County Offers Plan to Curb Flight Delays at Fort Lauderdale Airport

June 15, 2005
County aviation officials developed a list of fixes that they said would improve traffic management at the airport, whose growth over the past five years has pushed it onto the list of U.S. airports with the most congestion-related delays.

The increasing number of flight delays at Fort Lauderdale-Hollywood International Airport could be addressed with some fairly simple solutions, the airport director told Broward County commissioners Tuesday.

County aviation officials developed a list of fixes that they said would improve traffic management at the airport, whose growth over the past five years has pushed it onto the list of U.S. airports with the most congestion-related delays. The delays have been especially bad for private planes.

As a result, the Federal Aviation Administration has suggested that it may force the county to use the airport's northwest-to-southeast runway more frequently. But that is an unpopular solution that sends planes over more neighborhoods.

The airport's director argued that delays could be managed by shifting more small-plane traffic to the shorter, southern runway, creating more-efficient taxiways, and asking U.S. Customs to stay open later at nearby airports.
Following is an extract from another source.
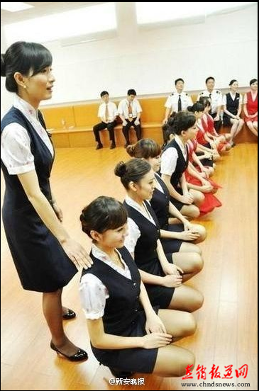 【直报网9月13日讯】(凤凰网)蹲式服务旨在突出顾客是上帝的宗旨,让顾客能够感受到自己被充分的尊重,在航空飞机上指乘务员为旅客提供服务时采用蹲姿,就是在蹲下的同时,膝盖保持一上一下,上身保持挺直,下蹲深度应以能够使顾客平视或略俯视自己为宜。▲ |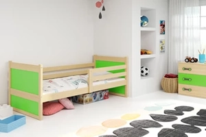 Lit ado superposé Rico 90X190 avec matelas, pin/vert

''I don't want to say this is the answer for the next five or six years, but it helps with the delays we're having now,'' said Broward Aviation Director Tom Jargiello.

County commissioners agreed with most of Jargiello's ideas, which they said would help the airport manage traffic until a new runway moves toward completion at the end of the decade. The airport and the FAA are in the middle of an environmental review that is expected to lead eventually to construction of a runway parallel to the main, northern runway, which now sees the most use.

''It's going to get worse and worse and worse, notwithstanding anything else you do,'' said County Commissioner John Rodstrom. ''We as an airport cannot keep up with this growth.''

Jargiello told commissioners he didn't think that increased use of the diagonal runway would be as efficient as some of the other ideas they had developed. Those ideas include better ground control of planes around some terminals.

One way to cut traffic by as much as 6 percent would be to persuade the federal government to keep the U.S. Customs office open longer at Fort Lauderdale Executive Airport, Jargiello said.

It closes at 5 p.m., which forces charter planes that fly out of the airport -- mostly to the Bahamas -- to first land at Fort Lauderdale-Hollywood to clear customs. Then, they take off again and land at Executive, a few miles north.

Ten to 15 flights do the two-airport landing on weekdays, and about 20 to 30 land on weekend days, according to a report by an airport consultant. The county may consider paying the salaries of after-hours Customs inspectors, officials said.

County commissioners also said they would consider suing the FAA if the agency went forward with plans to use the diagonal runway more frequently.

Rodstrom also wanted to keep planes off the south runway, as did Commissioner Suzanne Gunzburger. Both represent constituents south of the airport. Both also wanted to keep the airport from opening new gates, an idea also supported by county Mayor Kristin Jacobs but rejected by the rest of the commissioners.